Low & Bonar said that while the performance in the second quarter to date has been stronger than the first, the rate of improvement is below that expected due to continued weakness in the some of its end markets and the slow recovery of customer confidence in the coated technical textiles (CTT) division.
It added that although progress is being made in the CTT segment, it will take longer than expected to regain customer loyalty and improve sales. Weak demand in transport markets, notably Germany and Eastern Europe, has also been a headwind.
As a result, the group - which already warned on profits last month - expects its first-half performance to be "materially" behind that of the previous year.
"The board continues to expect the improving sales trend to underpin a stronger second half, helped by the usual seasonality in the business, and also supported by further cost reductions already in process. In light of current trading and ongoing weakness in certain markets, the board has lowered its expectations of full year performance."

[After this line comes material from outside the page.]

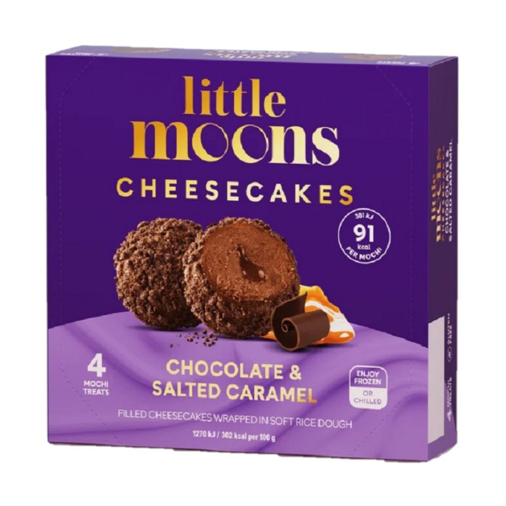 Little Moons Chocolate Salted Caramel Cheesecake Mochi is a delicious and luxurious ice cream experience, where creamy cheesecake ice cream with an intense chocolate flavor meets a soft core of salted caramel. Everything is wrapped in a soft, chewy mochi dough and sprinkled with gluten-free cookie crumbs, which provide a nice contrast in texture. Perfect as a small dessert or a sweet snack that indulges the taste buds. This pack contains 4 pieces of 30 grams each and is both gluten-free and suitable for vegetarians.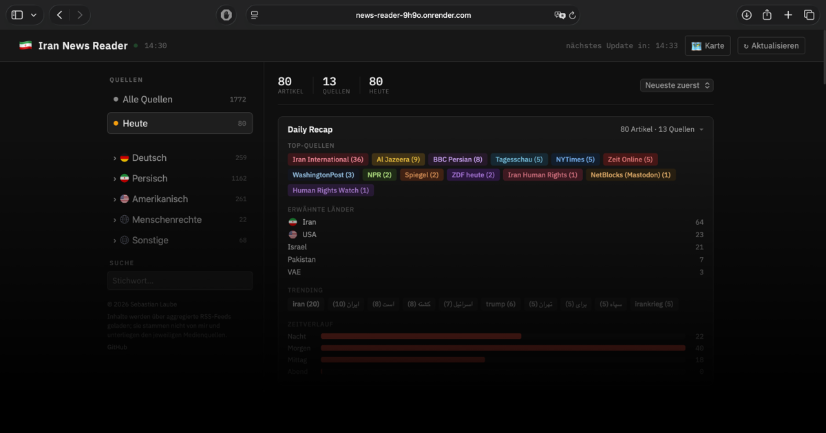 A lightweight, responsive web reader for Iran-related news from various RSS feeds. Built by Sebastian Laube, this app loads content directly from the sources — it does not store its own articles but aggregates and filters existing feeds.

The company also said on Monday that CEO Philip de Klerk will step down on 1 July. The search for a successor will not be kicked off immediately and the situation will be reviewed later in the year.
The current non-executive chairman of the board, Daniel Dayan, will become executive chairman on 2 July 2019.
Low & Bonar said a change of leadership was "required to accelerate delivery of the transformation programme initiated in late 2018".
"In addition to implementing performance improvement and cost reduction initiatives, the board will focus on completing the disposal of the civil engineering division and on exploring other opportunities to maximise shareholder value in the short-term," it added.
At 1040 BST, the shares were down 28% to 10.50p.
Canaccord Genuity, which rates the stock at 'buy' but cut its price target to 20p from 26p, said it now expects revenue to drop around 8% year-on-year in the first half from 6% previously, and for the group to be "moderately" loss-making in the period.
Broker Peel Hunt cut its estimate for November 2019 pre-tax profit by 45% to £9m and its November 2020 pre-tax profit estimate by 40% to £12m, as it downgraded its recommendation on the stock to 'hold' from 'buy' pending the disposal of the Civils business, to relieve the balance sheet pressure, and improved operating performance at CTT.